Give again, unaltered, the lines of the listing below that run from the line having "las Hadas artesanas." through the line having "سرایت جهش قیمت".

Data to examine

--- START ---

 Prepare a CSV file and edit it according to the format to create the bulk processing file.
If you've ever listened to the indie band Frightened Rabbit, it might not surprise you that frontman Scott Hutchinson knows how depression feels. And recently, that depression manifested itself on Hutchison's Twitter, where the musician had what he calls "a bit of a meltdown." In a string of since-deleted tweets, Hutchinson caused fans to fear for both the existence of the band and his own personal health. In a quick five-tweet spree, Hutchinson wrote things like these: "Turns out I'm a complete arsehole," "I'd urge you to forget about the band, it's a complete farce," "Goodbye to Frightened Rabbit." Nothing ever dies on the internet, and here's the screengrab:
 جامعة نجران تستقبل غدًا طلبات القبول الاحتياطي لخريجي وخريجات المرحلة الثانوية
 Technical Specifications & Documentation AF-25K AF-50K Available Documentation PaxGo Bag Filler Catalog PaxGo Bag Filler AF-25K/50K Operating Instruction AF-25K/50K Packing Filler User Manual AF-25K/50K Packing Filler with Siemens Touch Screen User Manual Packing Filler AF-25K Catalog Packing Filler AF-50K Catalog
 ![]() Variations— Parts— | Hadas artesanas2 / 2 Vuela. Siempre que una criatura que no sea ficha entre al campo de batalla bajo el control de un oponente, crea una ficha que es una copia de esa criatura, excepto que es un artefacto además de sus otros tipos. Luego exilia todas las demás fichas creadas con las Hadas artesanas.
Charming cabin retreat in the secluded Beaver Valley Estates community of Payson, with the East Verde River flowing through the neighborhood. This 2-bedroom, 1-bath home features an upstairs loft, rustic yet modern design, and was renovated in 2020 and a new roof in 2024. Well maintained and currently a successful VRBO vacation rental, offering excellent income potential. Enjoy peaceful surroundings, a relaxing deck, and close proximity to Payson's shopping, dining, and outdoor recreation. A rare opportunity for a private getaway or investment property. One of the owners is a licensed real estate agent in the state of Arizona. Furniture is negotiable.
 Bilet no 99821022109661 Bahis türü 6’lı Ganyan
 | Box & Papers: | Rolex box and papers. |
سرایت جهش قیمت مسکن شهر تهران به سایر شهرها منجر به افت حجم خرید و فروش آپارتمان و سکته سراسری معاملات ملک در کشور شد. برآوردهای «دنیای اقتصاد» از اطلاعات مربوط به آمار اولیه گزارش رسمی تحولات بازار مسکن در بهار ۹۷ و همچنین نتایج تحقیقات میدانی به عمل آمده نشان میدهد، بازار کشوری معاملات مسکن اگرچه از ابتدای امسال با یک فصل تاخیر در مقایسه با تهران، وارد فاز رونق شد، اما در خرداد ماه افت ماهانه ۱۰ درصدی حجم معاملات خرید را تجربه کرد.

--- END ---
--- START ---

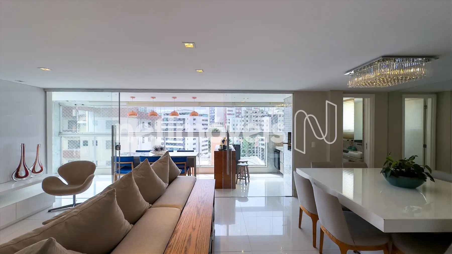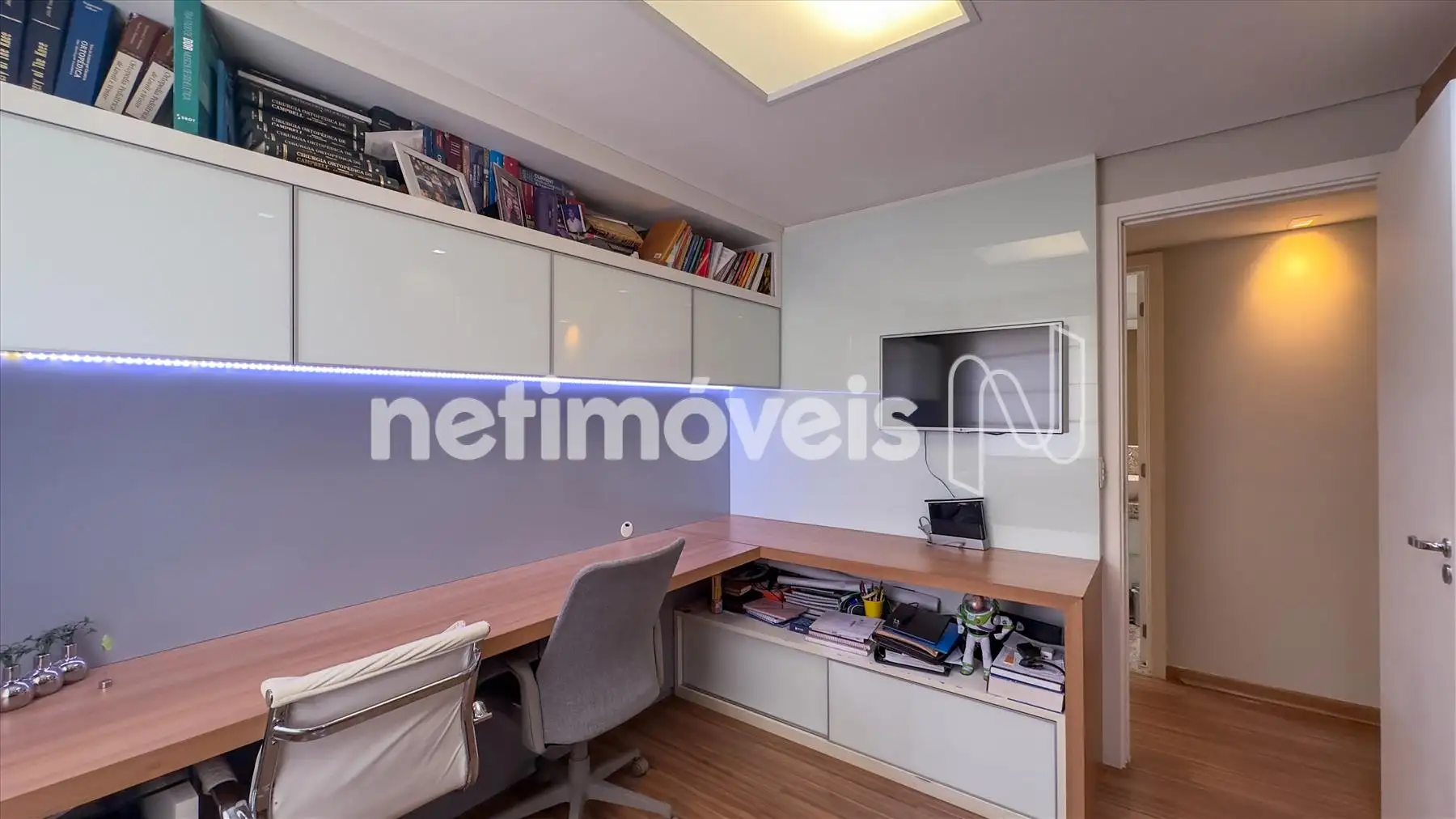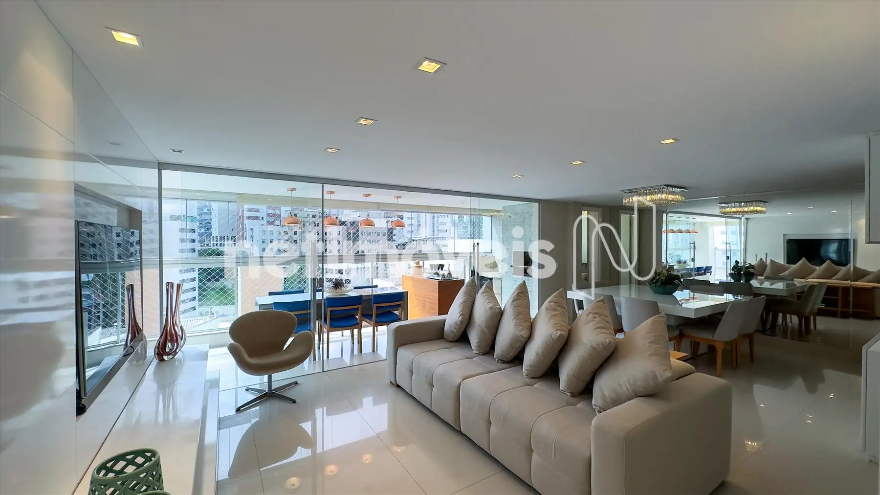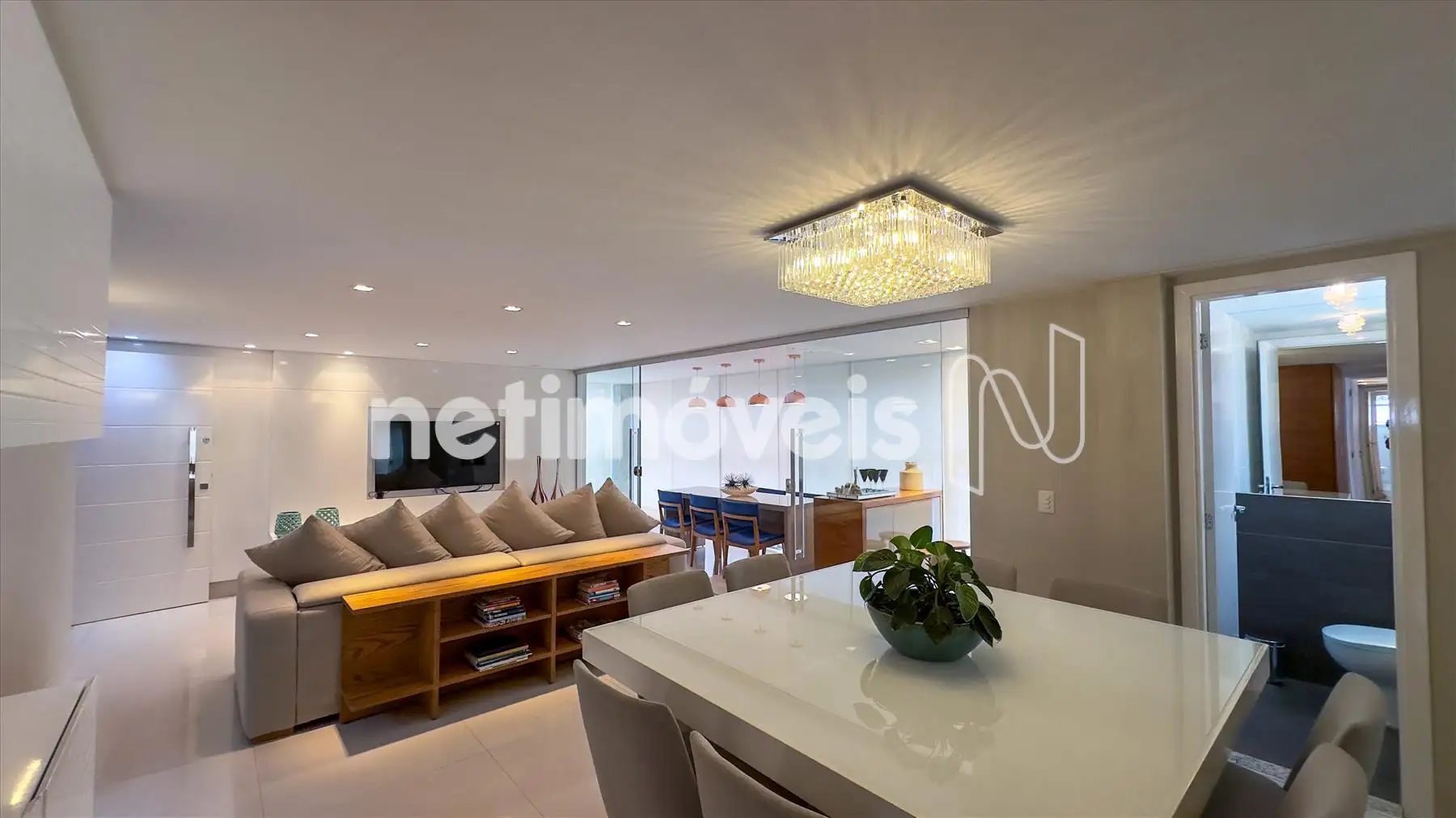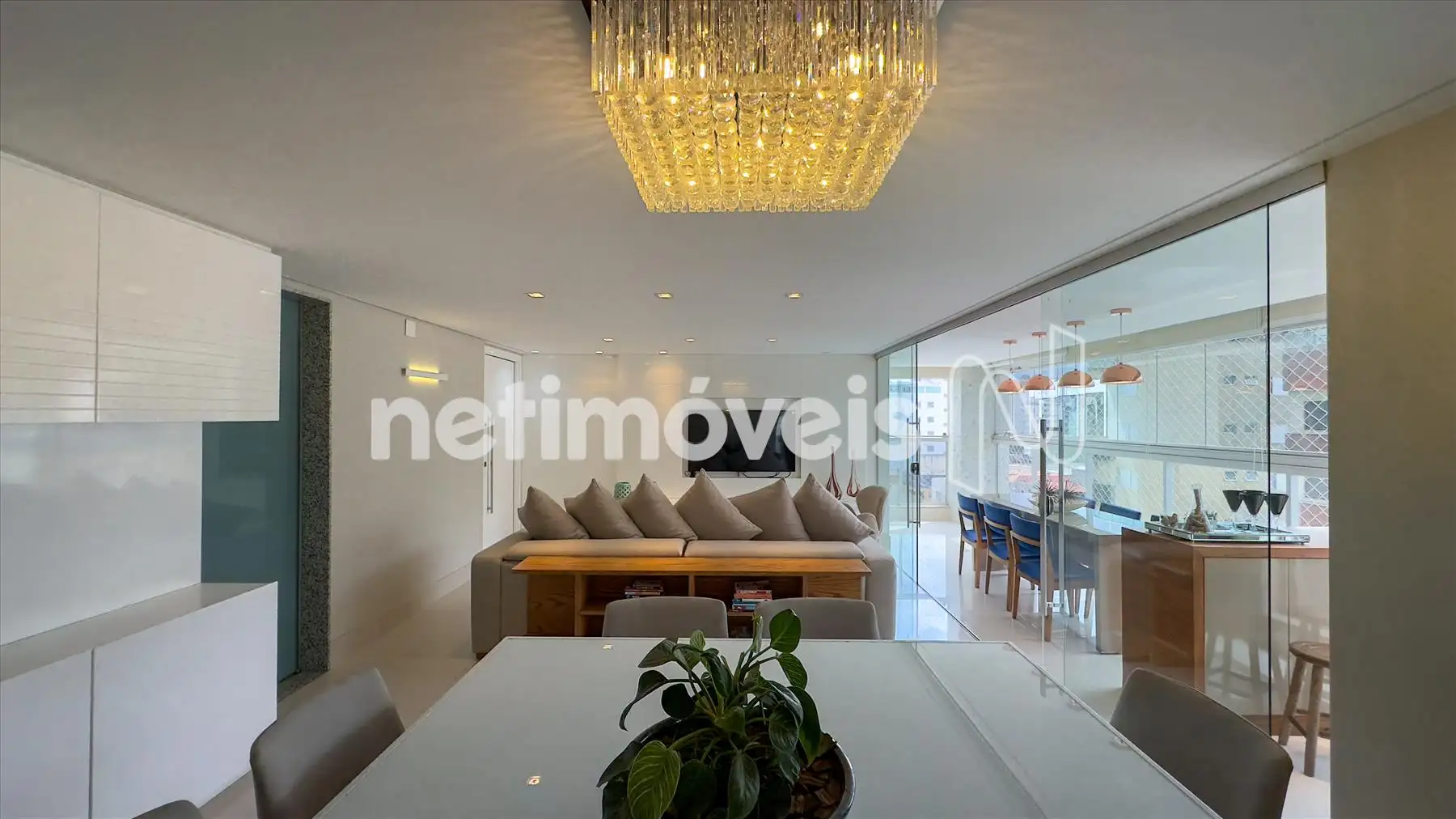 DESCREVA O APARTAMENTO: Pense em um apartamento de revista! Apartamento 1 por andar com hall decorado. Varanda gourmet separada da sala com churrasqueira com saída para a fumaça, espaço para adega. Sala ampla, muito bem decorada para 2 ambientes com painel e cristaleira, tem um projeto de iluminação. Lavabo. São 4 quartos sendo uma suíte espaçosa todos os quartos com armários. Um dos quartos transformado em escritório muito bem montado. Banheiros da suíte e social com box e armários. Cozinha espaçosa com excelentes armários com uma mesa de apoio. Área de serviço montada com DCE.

--- END ---

Task response
 ![]() Variations— Parts— | Hadas artesanas2 / 2 Vuela. Siempre que una criatura que no sea ficha entre al campo de batalla bajo el control de un oponente, crea una ficha que es una copia de esa criatura, excepto que es un artefacto además de sus otros tipos. Luego exilia todas las demás fichas creadas con las Hadas artesanas.
Charming cabin retreat in the secluded Beaver Valley Estates community of Payson, with the East Verde River flowing through the neighborhood. This 2-bedroom, 1-bath home features an upstairs loft, rustic yet modern design, and was renovated in 2020 and a new roof in 2024. Well maintained and currently a successful VRBO vacation rental, offering excellent income potential. Enjoy peaceful surroundings, a relaxing deck, and close proximity to Payson's shopping, dining, and outdoor recreation. A rare opportunity for a private getaway or investment property. One of the owners is a licensed real estate agent in the state of Arizona. Furniture is negotiable.
 Bilet no 99821022109661 Bahis türü 6’lı Ganyan
 | Box & Papers: | Rolex box and papers. |
سرایت جهش قیمت مسکن شهر تهران به سایر شهرها منجر به افت حجم خرید و فروش آپارتمان و سکته سراسری معاملات ملک در کشور شد. برآوردهای «دنیای اقتصاد» از اطلاعات مربوط به آمار اولیه گزارش رسمی تحولات بازار مسکن در بهار ۹۷ و همچنین نتایج تحقیقات میدانی به عمل آمده نشان میدهد، بازار کشوری معاملات مسکن اگرچه از ابتدای امسال با یک فصل تاخیر در مقایسه با تهران، وارد فاز رونق شد، اما در خرداد ماه افت ماهانه ۱۰ درصدی حجم معاملات خرید را تجربه کرد.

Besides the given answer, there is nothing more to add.